The Hound of the Baskervilles
Duchess Theatre      Spring-Summer 2007

A fringe theatre genre to which I am addicted is the Mock Epic, a cast of two or three taking on a grand project, with the frantic doubling, trouble with props and cues, and gap between their supposed ambition and accomplishment being central to the joke.

The trio called Peepolykus ('People Like Us') ranks just below the National Theatre of Brent as masters of this comic genre, and this anarchic deconstruction of Conan Doyle, which has been touring, offers the West End a rare and welcome taste of the fun.

And fun it is, though perhaps not quite as consistently and relentlessly fast-paced as true lovers of the genre might prefer.

Javier Marzan, John Nicholson and Jason Thorpe play, respectively, Holmes, Watson, Baskerville and - at various times and occasionally simultaneously - Everyone Else, including, in fourth-wall-breaking moments, themselves.

So, for example, at one point Marzan must wrestle his way in and out of costumes and beards in a losing attempt to play Holmes, the butler and the butler's wife in the same scene; and later interrupt the action to react to a note passed to him backstage complaining that the audience can't understand his accent.
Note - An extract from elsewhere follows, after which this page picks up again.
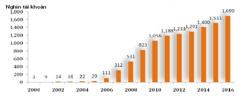 Hình 3: Số lượng tài khoản của nhà đầu tư giai đoạn 2000 -2016 (Nguồn: UBKNN)

Thorpe gets death threats both as Baskerville and as himself, and Nicholson's frustration as the dim-witted Watson is mirrored in his attempts to keep his fellow actors to the script.

High points include a steam room scene that gets a bit too intimate for Watson, an erotic tango (Don't ask), and an Act Two opening that races through all of Act One in about two minutes.

But, as I said, the genre is an unforgiving one that demands a constantly high level of energy and invention, and this show has a few too many slow stretches and lapses in invention to be fully satisfying.

Coincidentally, in a feast-or-famine way, there's another representative of the genre currently in the West End, in the form of The Thirty-Nine Steps (by Patrick Barlow of the National Theatre of Brent).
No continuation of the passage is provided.